Although I am not aware of anywhere that this is specified, Thread notifies itself when it ends. This is implicit in the way the join method is implemented. This is the code for join:
public final synchronized void join(long millis)
throws InterruptedException {
long base = System.currentTimeMillis();
long now = 0;
if (millis < 0) {
throw new IllegalArgumentException("timeout value is negative");
}
if (millis == 0) {
while (isAlive()) {
wait(0);
}
} else {
while (isAlive()) {
long delay = millis - now;
if (delay <= 0) {
break;
}
wait(delay);
now = System.currentTimeMillis() - base;
}
}
}
(From the JDK7 source code)
As you can see, the calls to wait only make sense if somewhere there is a call to notify that is called after the thread ends. The same call to notify is what allows your program to terminate.

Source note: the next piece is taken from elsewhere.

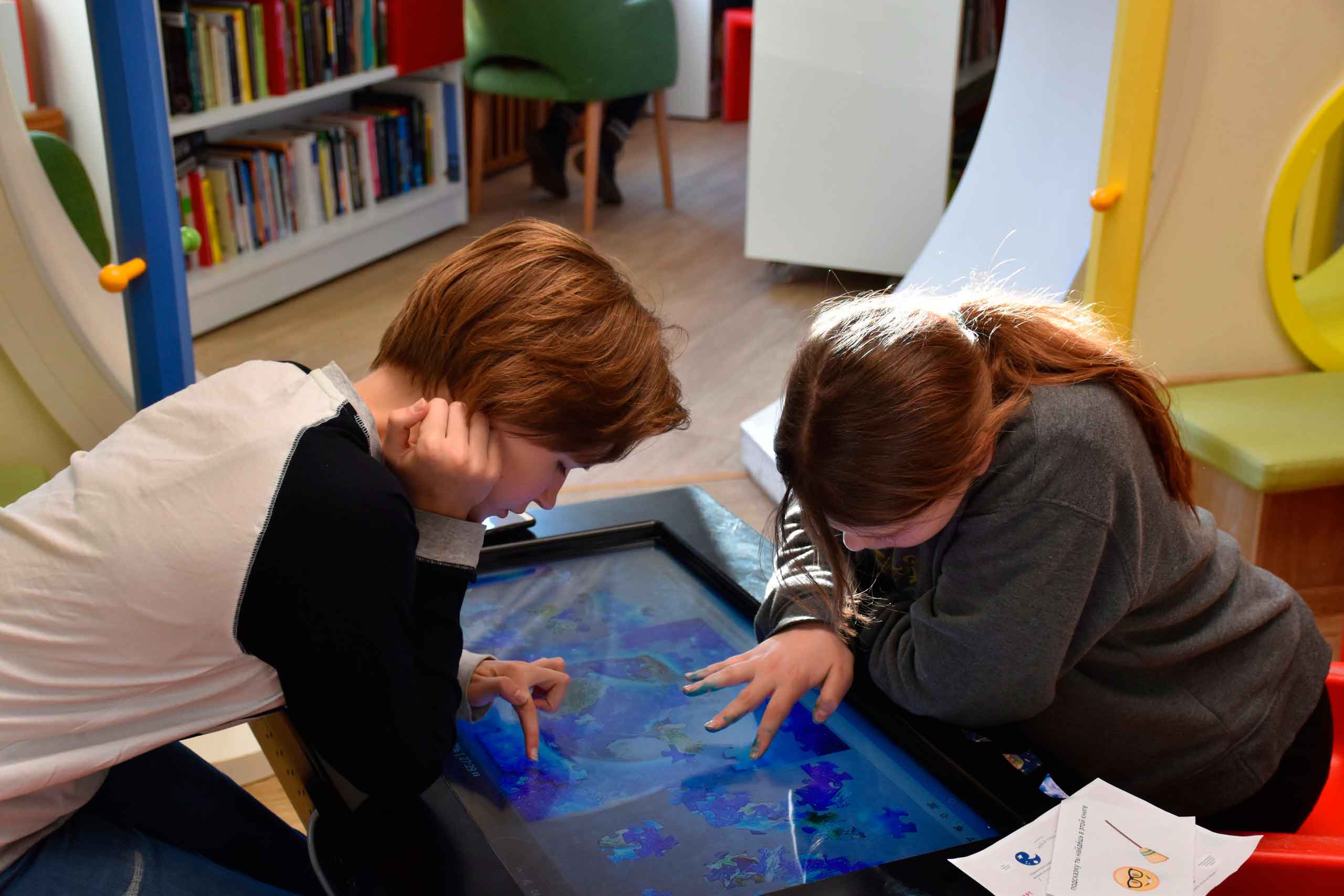 Самые младшие читатели совершили путешествие на Луну вместе с героями книги Гуниллы Ингвес «Мишка Бруно летит на Луну». Малыши и их родители услышали звучание планет солнечной системы, полюбовались лунными камнями и, представив себя в невесомости, попробовали преодолеть земное притяжение.
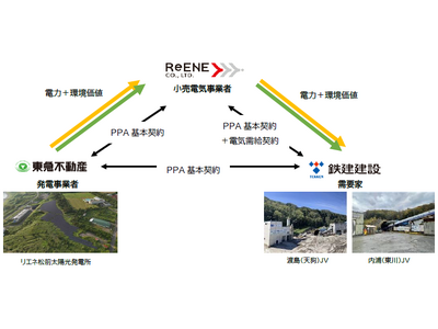 鉄建建設株式会社(本社:東京都千代田区、代表取締役社長:伊藤 泰司、以下「鉄建建設」)、東急不動産株式会社(本社:東京都渋谷区、代表取締役社長:星野 浩明、以下「東急不動産」)、株式会社リエネ(本社:東京都渋谷区、代表取締役:小島 隆司、以下 「リエネ」)は、CO2排出量の削減に向けた取り組みの一環として、オフサイト型コーポレートPPA契約(以下、「本PPA」)を締結し、独立行政法人鉄道建設・運輸施設整備支援機構発注の鉄建・アイサワ・西江・北土北海道新幹線、渡島トンネル(天狗)他特定建設工事共同企業体(以下、渡島(天狗)JV)及び鉄建・TSUCHIYA・西江・アラタ北海道新幹線、内浦トンネル(東川)特定建設工事共同企業体(以下、内浦(東川)JV)へのオフサイトPPAによる再生可能エネルギー電力(以下、 「再エネ電力」)の供給を開始したことをお知らせいたします。これにより、公共インフラ工事の脱炭素化および北海道内で生産した再エネ電力の「地産地活」の実現へ貢献してまいります。

You have nested synchronized {} constructs in the two places. These constructs seem doing something weird: the thread does not react into notify at all and only resumes when ThreadB (b) terminates. Remove this:
public class JavaApplication2 {
public static void main(String[] args) {
ThreadB b = new ThreadB();
b.start();
try {
System.out.println(" ### Waiting for notify");
synchronized (b) {
b.wait();
}
System.out.println(" ### Notified");
} catch (InterruptedException e) {
}
System.out.println("### Total is: " + b.total);
}
}
class ThreadB extends Thread {
int total;
#Override
public void run() {
total += 1;
System.out.println(" *** Ready to notify in 5 secs");
try {
Thread.sleep(5000);
} catch (InterruptedException e) {
}
System.out.println(" *** Notification sent");
synchronized (this) {
notify();
}
System.out.println(" *** 5 sec post notification");
try {
Thread.sleep(5000);
} catch (InterruptedException e) {
}
System.out.println(" *** ThreadB exits");
}
}
The code above probably works correctly: with notify() present the main thread resumes after 5 seconds and before we see the message that ThreadB terminates. With notify() commented out the main thread resumes after 10 seconds and after the message about the termination of the ThreadB because notify() is called anywhay from the other code. Marko Topolnik explains why and from where this "behind the scene" notify() call comes from.
I was doing the same testing on the wait/notify opertaions while reading OCP SE 7, good catch. I think we should let the authoer to explain.